Halife Bilkasım Hafter: Libya’nın tartışmalı komutanı
Halife Bilkasım Hafter, 7 Kasım 1943’te Libya’nın Ecdebiye kentinde, Fercani kabilesine mensup bir ailede dünyaya geldi. İlköğrenimini Ecdebiye’de tamamladıktan sonra ortaöğrenimine Derne’de devam etti ve 1964 yılında Bingazi Kraliyet Harp Akademisi’ne girerek askerî eğitim almaya başladı. 1966’da mezuniyetinin ardından Libya Kara Kuvvetleri’nde göreve başladı. Daha sonra hem Sovyetler Birliği’ndeki Frunze Harp Akademisi’nde hem de Mısır’da ileri düzey askerî eğitimler aldı. Bu süreç, onun askeri strateji ve komuta becerilerinin temellerini oluşturdu.

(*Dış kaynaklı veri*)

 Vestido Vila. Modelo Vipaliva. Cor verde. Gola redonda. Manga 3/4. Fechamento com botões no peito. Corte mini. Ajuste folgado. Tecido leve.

Askerî kariyerinin yükselişi
1969 yılında Muammer Kaddafi’nin Kral İdris’i devirdiği darbede önemli bir rol oynayan Hafter, Libya ordusunda hızla yükseldi. 1973 Yom Kippur Savaşı’nda İsrail’e karşı savaşan Libya birliğinde görev aldı. Ancak kariyerindeki en büyük dönüm noktası, 1987’de Çad-Libya çatışmasında yaşandı. “Toyota Savaşı” olarak bilinen bu çatışmada, Hafter komutasındaki 300 askerle birlikte Çad güçleri tarafından pusuya düşürülerek esir alındı. Bu yenilgi, dönemin lideri Kaddafi için büyük bir prestij kaybı olurken, Hafter’in Kaddafi ile olan ilişkilerini tamamen kopardı. Kaddafi tarafından “hain” ilan edilen Hafter, esirlik sürecinde Kaddafi karşıtı bir yapılanmanın temellerini atmaya başladı.

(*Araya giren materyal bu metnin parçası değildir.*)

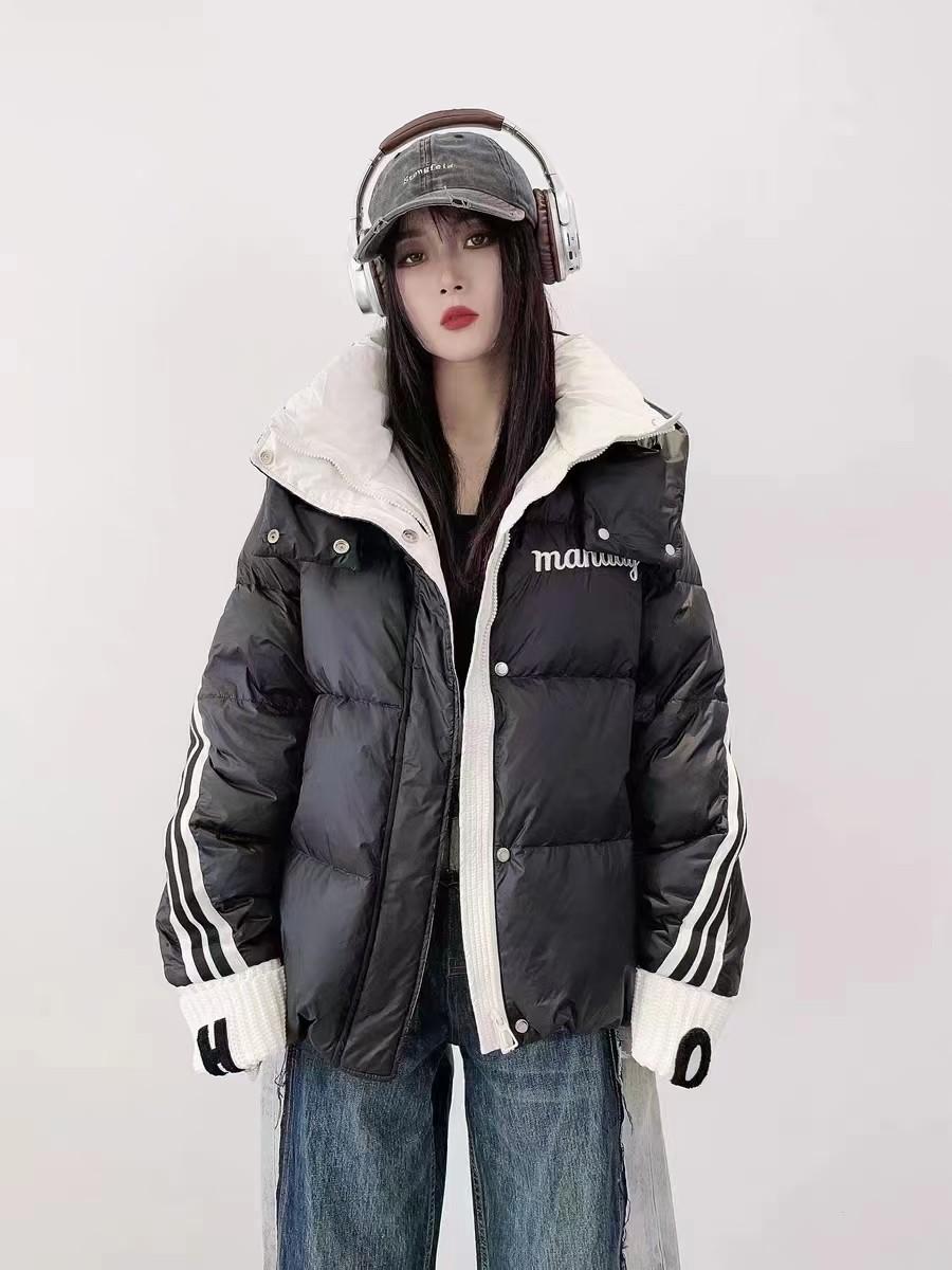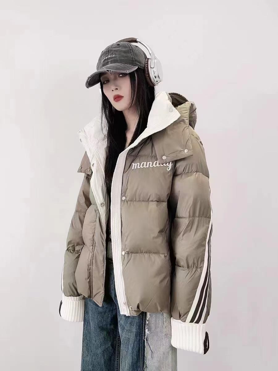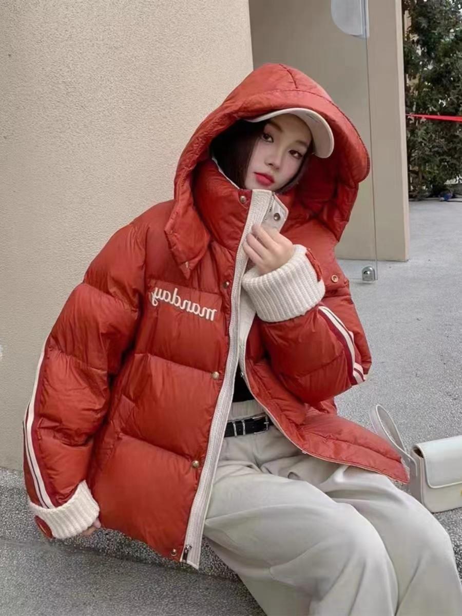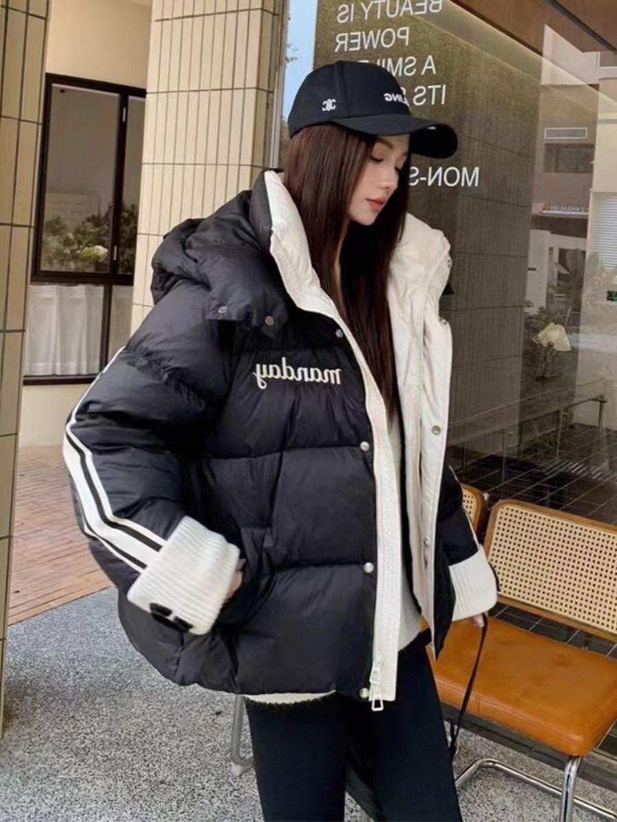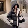 Moda europea color contraste tejido de punto costura chamarra de plumón para mujer invierno pequeña engrosada cálida plumón de pato blanco abrigo pan

ABD Yılları ve Libya’ya dönüş
1980’lerin sonunda esaretten kurtulan Hafter, ABD’ye sığındı ve 1990’lı yıllarda Virginia eyaletinin Langley kentinde yaşamaya başladı. Bu dönemde Amerikan istihbaratıyla yakın ilişkiler kurduğu biliniyor. 1993 yılında, Kaddafi rejimi tarafından gıyabında idam cezasına çarptırıldı. Ancak 2011’de Arap Baharı’nın etkisiyle başlayan Libya ayaklanmaları, Hafter için bir dönüm noktası oldu. Kaddafi karşıtı gösterilerin büyümesiyle Libya’ya geri döndü ve Kaddafi rejiminin devrilmesinde önemli bir rol üstlendi. Devrim sonrası geçiş sürecinde kısa bir süre yargılandıysa da davası sonuçlanmadı.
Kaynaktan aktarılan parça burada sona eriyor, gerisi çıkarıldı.